Sendai Relief Ministry

22/12/2011 12:00 pm  <>

(by Rod Thomas; übersetzt von Liselotte Mächler)

Viele UEMG-Mitarbeiter und japanische Christen werden mit mir einig gehen, wenn ich behaupte, dass der Tsunami im letzten März uns eine ganz neue Lebenssicht gegeben hat. Diese mündete in eine neue Energiespritze zum Missionieren, aber auch eine Ehrfurcht, in Japan Mitarbeiter des allmächtigen Gottes sein zu dürfen. Ich glaube, dass Gott den Tsunami geschickt hat, um die Japaner wachzurütteln. Auf diese Erfahrung warten wir noch, wenigstens in Sendai. Es gab leider nicht mehr Hinwendungen zu Gott, wie wir gebetet hatten. Vielmehr hat Gott hat etwas ganz anderes getan: Er hat die Kirche reifer gemacht und heller werden lassen. Obwohl der Tsunami eine furchtbare Katastrophe war, kann daraus ein grosser Segen entstehen:

1. Christen leisteten hervorragende Nothilfe. Die japanischen Gemeinden haben ihre Mitglieder mobilisiert und zusammen mit christlichen Hilfsorganisationen und Missionaren mehr getan, als man für möglich gehalten hätte. Auf diese Weise zeigten sie ein wunderbares Beispiel von der Liebe Jesu.

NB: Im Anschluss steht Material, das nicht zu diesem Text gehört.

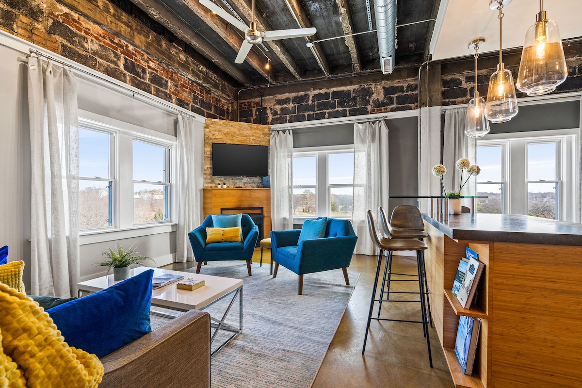 Truly one of a kind Historic property converted into a spacious, cozy loft in the heart of South KC. This 100-year-old space(5 min from HS Truman farm. He spoke on this stage on his first political campaign) has been completely rennovated with concrete countertops, beautifully vaulted ceilings, huge bathroom, built in workspace and even a fun kid's room. Let the natural light pour through the massive windows or close the curtains and dim the lights:) We hope you enjoy it as much as us!

2. Christen spürten, dass Gott in dieser Naturkatastrophe gehandelt hat und dass ihre Zeit Zeugnis zu geben gekommen ist. Wir haben erlebt, dass die Miglieder der Sendai Evangelische Christliche Kirche (Sendai Evangelical Christian Church - SECC) stärker von der Wahrheit des Evangeliums überzeugt und vermehrt bereit sind, grossen Einsatz zu zeigen. Sie fühlen sich verantwortlicher für das Heil ihrer Nachbarn und ihrer Familien. Sie sind weniger materialistisch gesinnt, beten mehr und sind viel mutiger beim Evangelisieren. Diese geistliche Erfrischung hat sich in vielen evangelikalen Gemeinden in ganz Japan manifestiert.

3. Viele Gemeinden haben in ihrem Dienst begonnen, sich nicht von der üblichen steifen und förmlichen Umgangsform beeinflussen zu lassen, sondern von Enthusiasmus und Grosszügigkeit. Ich selber bin ermutigt worden durch die Initiative und sichtbaren Liebe von 20-40 jährigen Menschen anderer Gemeinden, die an evangelistischen Veranstaltungen mithalfen und wie SECC Leute dasselbe taten. Ich bin überzeugt, dass diese Vernetzung und Zusammenarbeit auch an andern Orten wie Miyagi, Iwate und Fukushima besteht. Junge Menschen, die ziellos abdrifteten, haben einen neuen Fokus durch ihren Dienst gefunden. Eine erfrischte und lebendige Gemeinde ist ein guter Anfang. Wir wollen besonders um Mut beten, das Evangelium zu verkünden. Als Paulus erzählte, was er in Galatien getan hatte und wie lebendig er dort Jesus Christus den Gekreuzigten dargestellt hatte, wollte er klar und überzeugend erklären, was der Tod Christi für uns bedeutet (Gal.3,1). Lasst uns darum beten, dass wir nicht nur materiell helfen, Literatur verteilen oder Freundschaften schliessen, sondern diese Gelegenheiten auch nutzen, den Menschen Jesus lieb zu machen. Dafür sind wir gesandt und das ist nachhaltige Hilfe.

Allerdings dürfen wir nicht vergessen, dass viele Japaner auch im traditionellen Buddhismus und Schintoismus Zuflucht suchen. Wir haben auch buddhistische Hausaltäre aus Karton in Notbehausungen gesehen. Auch die Zeugen Jehovas und andere Sekten sind äusserst aktiv. Wir beten, dass Satan die begonnene Arbeit nicht durch Streit und Egoismus hindert und dass wir nicht träge werden.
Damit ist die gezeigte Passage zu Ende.